View Comments
Kerry Stokes at WAN s half-year results briefing in Sydney.
REUTERS Kerry Stokes at WAN's half-year results briefing in Sydney.

UPDATE 7am: West Australian Newspapers' independent directors have unanimously approved a proposal for the company to buy chairman Kerry Stokes' television and magazine interests.

As revealed by The West Australian and thewest.com.au, WAN this morning announced a plan to buy Seven Media Group from Mr Stokes' Seven Group Holdings and US private equity group KKR for $4.1 billion in cash and shares.

WAN will raise $693 million in fresh equity from new and existing investors as part of the transaction, the bulk of it through a four-for-seven rights issue at $5.20 a share.

Representing WAN's independent directors, Doug Flynn said the purchase was "an opportunity to comprehensively transform WAN into a diverse and integrated national media group in one step".

WAN will be renamed Seven West Media under the transaction, with the combined group to headed by Seven Media chief executive David Leckie.

Mr Stokes is the majority shareholder of Seven Group and the chairman of both Seven Group and WAN.

Under the transaction, Seven Group will receive $1.08 billion in new WAN shares, issued at $5.99 apiece, and $250 million in WAN convertible preference shares.

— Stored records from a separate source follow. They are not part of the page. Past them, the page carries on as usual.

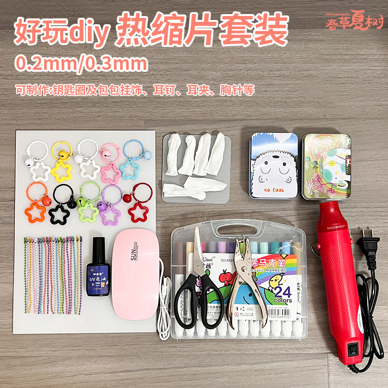 親子手作りdiy材料包熱収縮片キーホルダー名前札ブローチ熱可塑片セット熱風銃
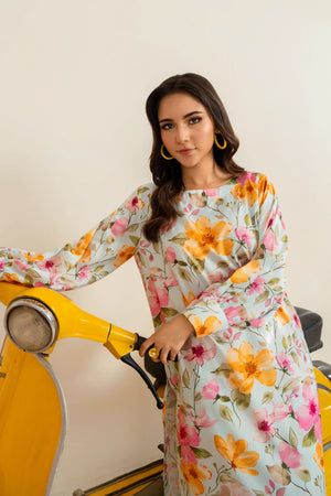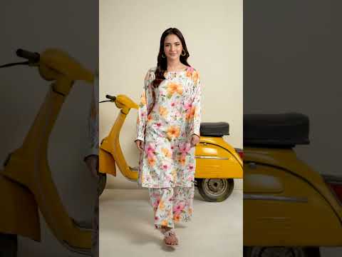 Additional Description: 2-piece blended silk pret with digital print, soft drape, and tailored fit for chic everyday style.
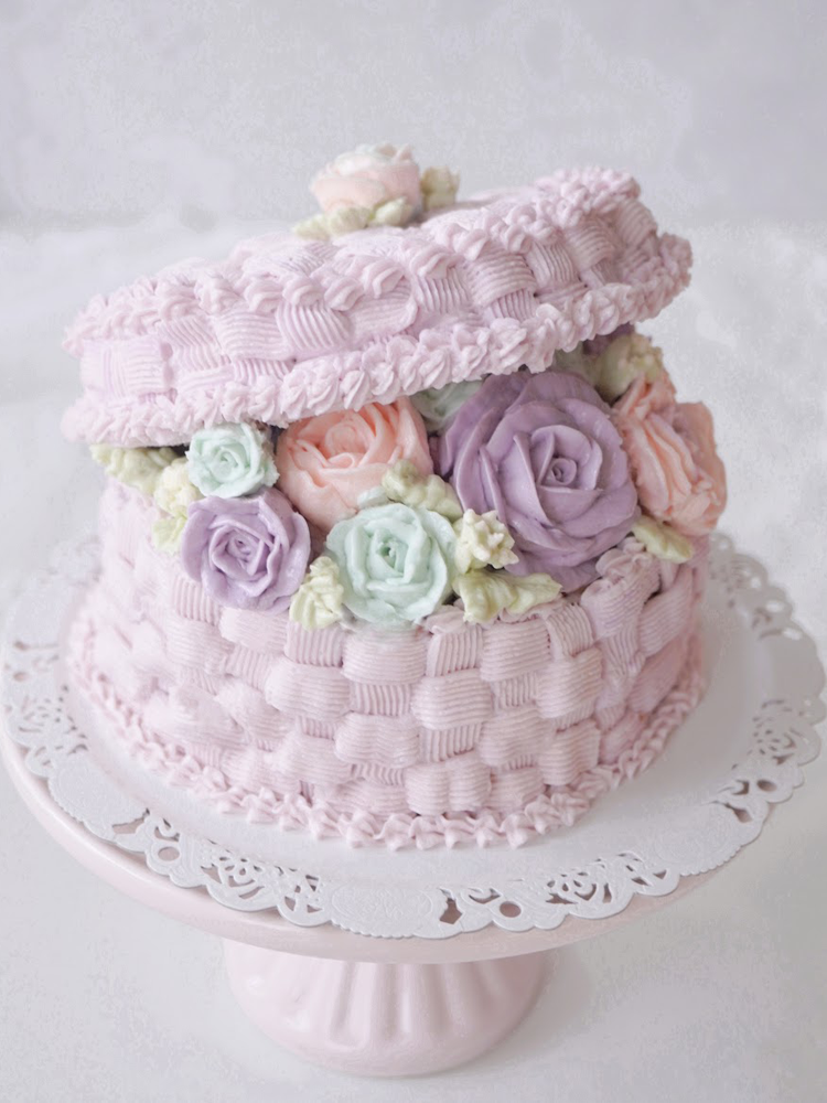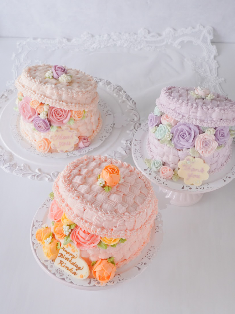 淡い色から濃い色へのグラデーションカラーでバラを絞り、立体的なバスケット絞りでケーキを仕上げます。

It will also be repaid a $650 million loan owed by Seven Media.

In addition to the fundraising, KKR will take up a $461 million placement in WAN.

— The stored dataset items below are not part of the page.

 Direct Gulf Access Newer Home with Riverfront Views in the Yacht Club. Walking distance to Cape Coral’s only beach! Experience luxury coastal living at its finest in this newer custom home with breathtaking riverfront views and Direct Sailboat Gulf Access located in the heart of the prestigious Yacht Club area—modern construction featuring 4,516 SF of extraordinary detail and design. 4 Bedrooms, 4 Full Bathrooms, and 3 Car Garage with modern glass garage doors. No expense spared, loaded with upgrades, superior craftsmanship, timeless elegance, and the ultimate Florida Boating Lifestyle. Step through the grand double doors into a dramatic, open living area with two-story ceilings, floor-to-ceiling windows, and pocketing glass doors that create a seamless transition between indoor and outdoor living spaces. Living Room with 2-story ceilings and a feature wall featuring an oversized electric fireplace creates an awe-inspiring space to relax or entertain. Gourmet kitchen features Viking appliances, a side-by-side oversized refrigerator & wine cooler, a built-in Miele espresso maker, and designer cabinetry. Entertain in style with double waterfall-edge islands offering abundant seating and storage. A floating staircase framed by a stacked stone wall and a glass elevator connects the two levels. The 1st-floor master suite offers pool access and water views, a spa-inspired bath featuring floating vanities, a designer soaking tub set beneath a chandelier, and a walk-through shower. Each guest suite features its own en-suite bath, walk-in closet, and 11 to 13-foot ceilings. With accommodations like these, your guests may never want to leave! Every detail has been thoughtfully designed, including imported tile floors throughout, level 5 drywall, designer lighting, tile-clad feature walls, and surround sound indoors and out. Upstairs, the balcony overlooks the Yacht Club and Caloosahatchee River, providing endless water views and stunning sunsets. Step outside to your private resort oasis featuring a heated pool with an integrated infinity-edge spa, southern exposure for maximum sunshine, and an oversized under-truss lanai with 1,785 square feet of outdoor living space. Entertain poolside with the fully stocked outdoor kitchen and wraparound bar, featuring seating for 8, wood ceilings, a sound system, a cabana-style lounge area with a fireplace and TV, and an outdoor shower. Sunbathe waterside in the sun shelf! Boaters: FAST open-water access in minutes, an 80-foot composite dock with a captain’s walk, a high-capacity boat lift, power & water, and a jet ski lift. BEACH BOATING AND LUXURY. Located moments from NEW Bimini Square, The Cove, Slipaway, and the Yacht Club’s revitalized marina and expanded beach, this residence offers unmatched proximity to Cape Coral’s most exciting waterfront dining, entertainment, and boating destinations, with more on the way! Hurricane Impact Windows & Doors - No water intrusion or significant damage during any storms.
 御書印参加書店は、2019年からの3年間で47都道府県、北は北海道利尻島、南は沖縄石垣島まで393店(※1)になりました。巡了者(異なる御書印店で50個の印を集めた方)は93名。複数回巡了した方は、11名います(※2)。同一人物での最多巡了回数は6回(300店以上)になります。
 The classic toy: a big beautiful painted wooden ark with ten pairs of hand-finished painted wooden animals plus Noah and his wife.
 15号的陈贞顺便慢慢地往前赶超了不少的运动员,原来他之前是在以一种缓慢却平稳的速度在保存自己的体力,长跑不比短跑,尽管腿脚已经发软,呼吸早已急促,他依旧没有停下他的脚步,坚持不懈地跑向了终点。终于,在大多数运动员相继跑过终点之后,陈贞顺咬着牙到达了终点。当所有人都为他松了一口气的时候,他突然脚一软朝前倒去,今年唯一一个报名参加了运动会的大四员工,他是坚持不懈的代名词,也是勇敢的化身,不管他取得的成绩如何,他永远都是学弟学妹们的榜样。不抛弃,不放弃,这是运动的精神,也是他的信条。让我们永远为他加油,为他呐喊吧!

The combined equity raising of more than $1 billion will be used to repay the Seven Media loan and reduce the group's $2.104 billion debt by $450 million.

WAN shareholders will vote on the proposal at a meeting on April 11. Seven will be excluded from voting its 23.8 per cent stake, which will increase to 29.5 per cent through the deal.

"This transaction is an opportunity for Australian shareholders to gain exposure to some of the best media assets in Australia, with the combined business leveraging the highly successful management teams from both WAN and Seven Media," Mr Stokes said.

The acquisition is aimed at reducing WAN's earnings reliance on The West Australian and WA, while creating multi-platform media company with the size and financial power to chase acquisitions.

The combined company will own not only the The West Australian and WA regional newspapers and radio stations, but the Seven TV network and a suite of magazine titles, including marie claire, Better Homes and Gardens, New Idea and Men's Health.

Mr Stokes told ABC Radio this morning he wasn’t expecting any staff redundancies as a result of the deal.

He said the WAN and Seven newsrooms would continue to operate separately on a competitive basis.

Confirmation of the acquisition coincided with news that WAN recorded an interim profit rise of just 1.2 per cent to $50.11 million. Seven Group's half-year results, also released today, revealed better than expected results from Seven Media.

WAN said an independent expert's report from Ernst & Young had rated the Seven Media transaction fair and reasonable.

WAN is valued by the stockmarket at about $1.4 billion.

A lack of scale and a dearth of major takeover opportunities in WA have made it difficult for the group to expand in recent years.

WAN looked briefly beyond media in 2005 when it bought half the Hoyts cinema chain but quit the investment at a loss after just two years, conceding it was a mistake.

The Seven Media deal will likely face heavy scrutiny from investors and the Australian Competition and Consumer Commission.

It is the second big deal Mr Stokes has announced inside a year after the $1 billion sale of his WesTrac heavy equipment business to Seven last April.

The latest deal has a historical tie, reuniting Channel Seven Perth with the company which founded the station in 1959.

WAN quit the station in 1970.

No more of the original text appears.